To pinpoint the birth of SETMAR within the primate lineage, we cloned and sequenced the orthologous MAR region in eight primate species. Sequence analysis revealed the presence of the Hsmar1 transposon in all anthropoid lineages (humans, apes, and Old and New World monkeys) but not in tarsier (Fig. 1; see also Fig. 4, which is published as supporting information on the PNAS web site). A phylogenetic comparison with 205 Hsmar1 elements indicated that all primate MAR transposons are derived from a common ancestral Hsmar1 transposon, and not from parallel, independent insertions of different Hsmar1 transposons at the same locus in different species (Fig. 5, which is published as supporting information on the PNAS web site). These data indicate that the ancestral Hsmar1 transposon inserted downstream of the SET region 40–58 million years ago (ref. 18; Fig. 1). Interestingly, all species carrying the Hsmar1 transposon also shared an AluSx retrotransposon inserted in the 5′ terminal inverted repeat (TIR) of the Hsmar1 element. During the AluSx integration, 12 bp of the Hsmar1 TIR were deleted, along with 4 bp of flanking genomic DNA (Fig. 4). Because both TIRs of transposons are necessary for transposition (10), the AluSx insertion may have contributed to the recruitment of the MAR region as part of SETMAR by immobilizing this Hsmar1 copy at a time when the family was experiencing high levels of transposition (14).

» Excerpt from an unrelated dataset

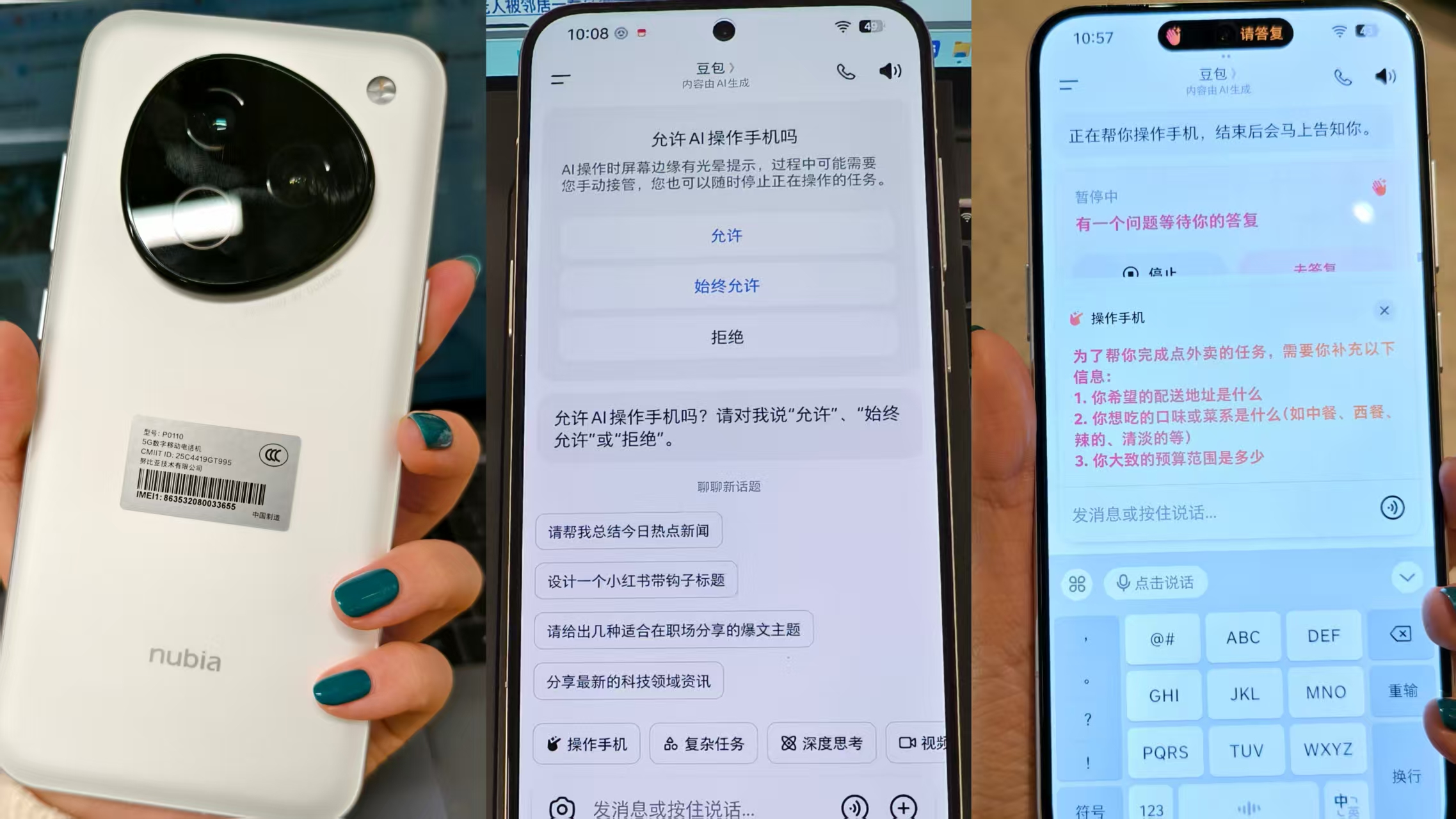 这款由字节跳动与中兴通讯合作推出、搭载豆包助手的手机,主打“AI代劳”功能:用户只需对AI助手下达指令,它便能自动打开App、搜索商品、完成下单、甚至能实现代打《王者荣耀》、代发消息、代刷视频等操作。

Exon Capture and Birth of the SETMAR Fusion Gene.

The next step leading to the formation of SETMAR involved the capture and in-frame fusion of the transposase-coding region of the Hsmar1 element to the SET transcript. To elucidate this process, we cloned and sequenced the 3′ end of the second and last SET exon and its downstream flanking sequence in eight primate species. Sequence analysis revealed that all anthropoid lineages carrying the Hsmar1 element also share a 27-bp genomic deletion (relative to tarsier) that removed the ancestral stop codon of the SET gene (Fig. 2a and 4). By contrast, the original stop codon is conserved in all prosimian primates and nonprimate mammals examined (except cow; Fig. 2a). Presumably, the deletion in anthropoid primates allowed the extension of the second exon of SET to the 5′ donor splice site of the current second intron of SETMAR. This process was made possible by the de novo conversion into exonic sequence of the 77-bp-long previously noncoding sequence linking the end of the former second SET exon and the 5′ donor splice site of the current second intron of SETMAR (Fig. 4).

Fig. 2.

Fig. 2.

Molecular events leading to the birth of SETMAR. (a) Schematic phylogeny (Left) and multiple alignment of the 3′ end of SET exon 2 (Right) in 10 primates and 5 nonprimate mammals [OWM, Old World monkeys (Green, African green monkey; Rhes, Rhesus macaque); NWM, New World monkey (owl monkey)]. Dots indicate the identity with the top sequence, and hyphens denote sequence gaps. The asterisk and the box indicate the position of the ancestral SET stop codon (TAG) that is conserved in all mammals (except cow) but was removed by a deletion in anthropoid primates. In cow, the current stop codon is located five codons downstream of the original stop codon (data not shown), and in mouse, a 2-bp insertion resulted in a premature stop codon (underlined). (b) Multiple alignment of the 5′ donor splice site of SETMAR intron 2. The human consensus splice motif (19) is used as a reference (top line). The GT dinucleotide after the last SET exon 2 codon (GAG) in anthropoids and delimiting the start of SETMAR intron 2 (in phase 0) is underlined. (c) Multiple alignment of the 5′ end of the MAR coding region in anthropoids. The Hsmar1 transposon family consensus (14) is used as a reference (top line). The two putative lariat branch points (LBP) and the 3′ acceptor splice site (ASS) are boxed. The human consensus LBP and ASS motifs (19) are shown in bold below the boxes. The AG dinucleotide delimiting the end of SETMAR intron 2 is underlined. The MAR exon of SETMAR starts with codon ACT, located immediately before and in frame with the putative start codon (S) of the ancestral Hsmar1 transposase.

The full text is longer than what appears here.